Quote the records exactly, starting at the first line and stopping after the line with "Hilitchi 180Pcs Nylon"; skip the pictures.

-*-*-

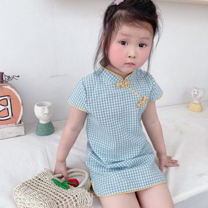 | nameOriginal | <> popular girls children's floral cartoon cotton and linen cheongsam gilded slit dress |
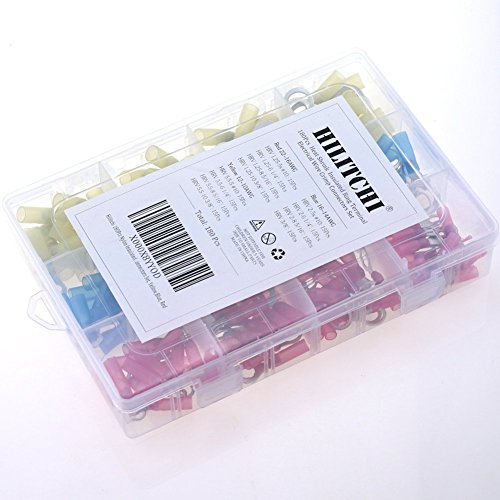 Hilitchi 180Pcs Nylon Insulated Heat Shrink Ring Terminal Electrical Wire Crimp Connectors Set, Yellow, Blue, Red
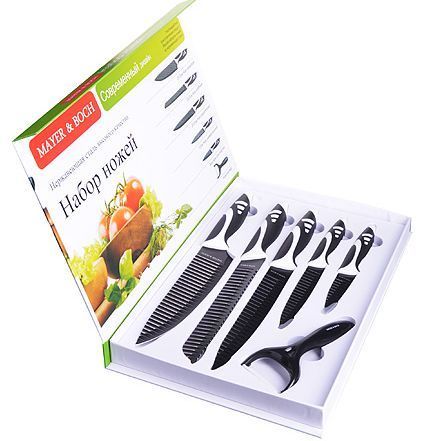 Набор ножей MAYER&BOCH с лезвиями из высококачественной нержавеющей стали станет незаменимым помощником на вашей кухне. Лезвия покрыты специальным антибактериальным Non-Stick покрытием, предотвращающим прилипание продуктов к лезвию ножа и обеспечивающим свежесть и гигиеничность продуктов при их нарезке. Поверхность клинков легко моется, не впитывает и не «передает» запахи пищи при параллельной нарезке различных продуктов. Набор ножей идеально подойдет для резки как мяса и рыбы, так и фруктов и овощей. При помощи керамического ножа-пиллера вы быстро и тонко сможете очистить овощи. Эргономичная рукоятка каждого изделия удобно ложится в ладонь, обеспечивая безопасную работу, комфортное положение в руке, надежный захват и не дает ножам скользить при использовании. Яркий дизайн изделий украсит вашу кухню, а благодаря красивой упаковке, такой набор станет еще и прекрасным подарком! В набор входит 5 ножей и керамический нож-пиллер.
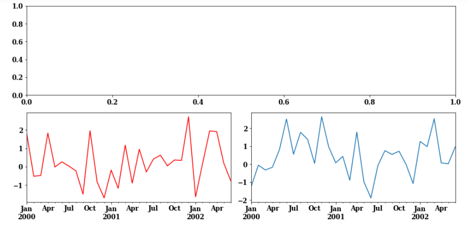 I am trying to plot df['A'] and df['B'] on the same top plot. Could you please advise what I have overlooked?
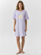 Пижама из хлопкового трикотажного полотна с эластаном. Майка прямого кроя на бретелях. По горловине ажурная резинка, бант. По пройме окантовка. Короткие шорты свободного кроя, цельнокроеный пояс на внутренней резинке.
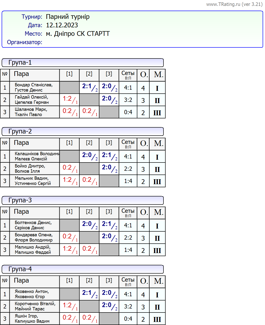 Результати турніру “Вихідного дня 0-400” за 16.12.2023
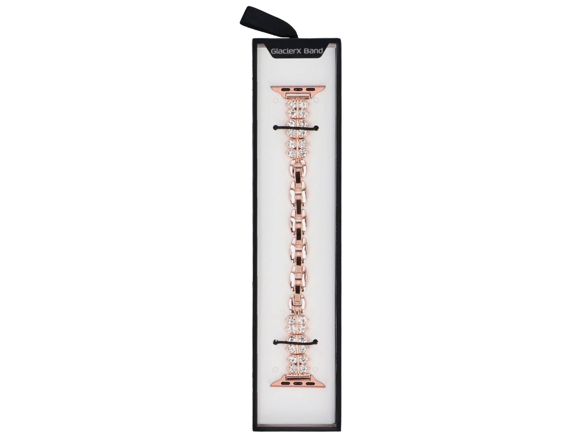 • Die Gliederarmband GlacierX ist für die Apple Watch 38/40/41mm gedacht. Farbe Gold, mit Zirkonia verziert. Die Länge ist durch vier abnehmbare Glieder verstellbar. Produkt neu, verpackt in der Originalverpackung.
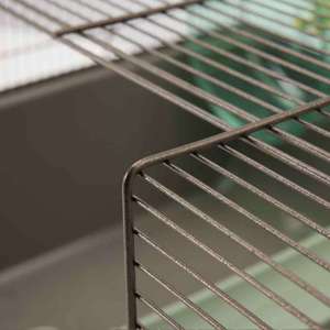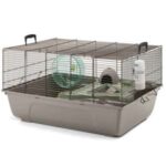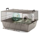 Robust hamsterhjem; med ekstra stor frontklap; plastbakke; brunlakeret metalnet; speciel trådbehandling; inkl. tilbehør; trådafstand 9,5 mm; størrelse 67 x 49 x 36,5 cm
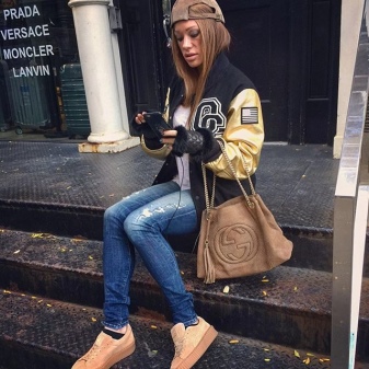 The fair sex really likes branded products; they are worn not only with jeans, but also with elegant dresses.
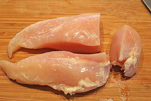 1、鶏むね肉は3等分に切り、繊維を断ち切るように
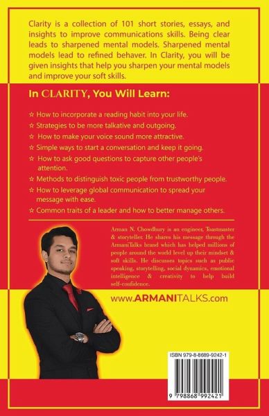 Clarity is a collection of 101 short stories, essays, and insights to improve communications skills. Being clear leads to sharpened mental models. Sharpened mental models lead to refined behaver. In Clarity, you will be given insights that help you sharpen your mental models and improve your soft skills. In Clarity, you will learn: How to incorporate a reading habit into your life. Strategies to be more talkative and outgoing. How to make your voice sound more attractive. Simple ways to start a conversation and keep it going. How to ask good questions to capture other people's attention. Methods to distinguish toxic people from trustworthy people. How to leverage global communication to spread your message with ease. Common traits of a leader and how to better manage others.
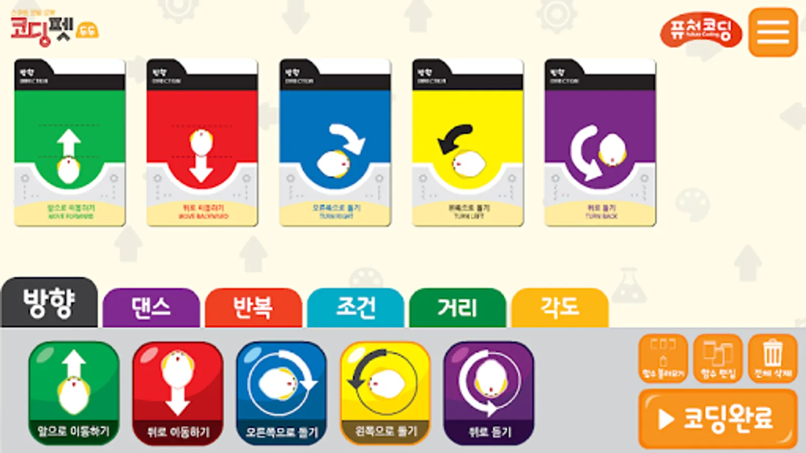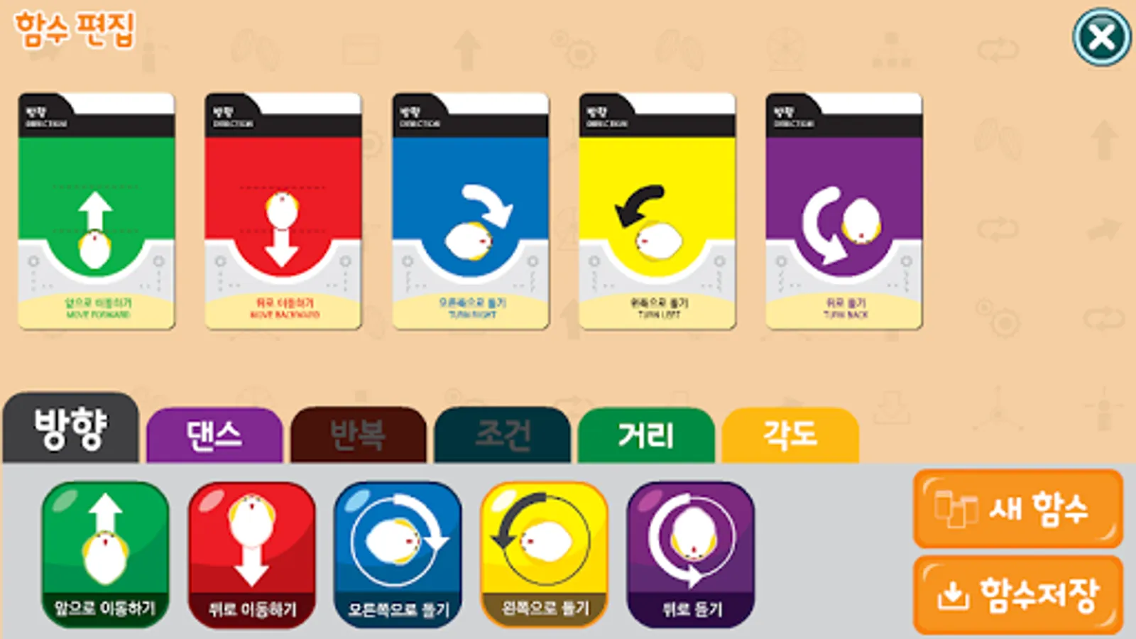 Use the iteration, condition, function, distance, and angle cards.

-*-*-

## Reply
 | nameOriginal | <> popular girls children's floral cartoon cotton and linen cheongsam gilded slit dress |
 Hilitchi 180Pcs Nylon Insulated Heat Shrink Ring Terminal Electrical Wire Crimp Connectors Set, Yellow, Blue, Red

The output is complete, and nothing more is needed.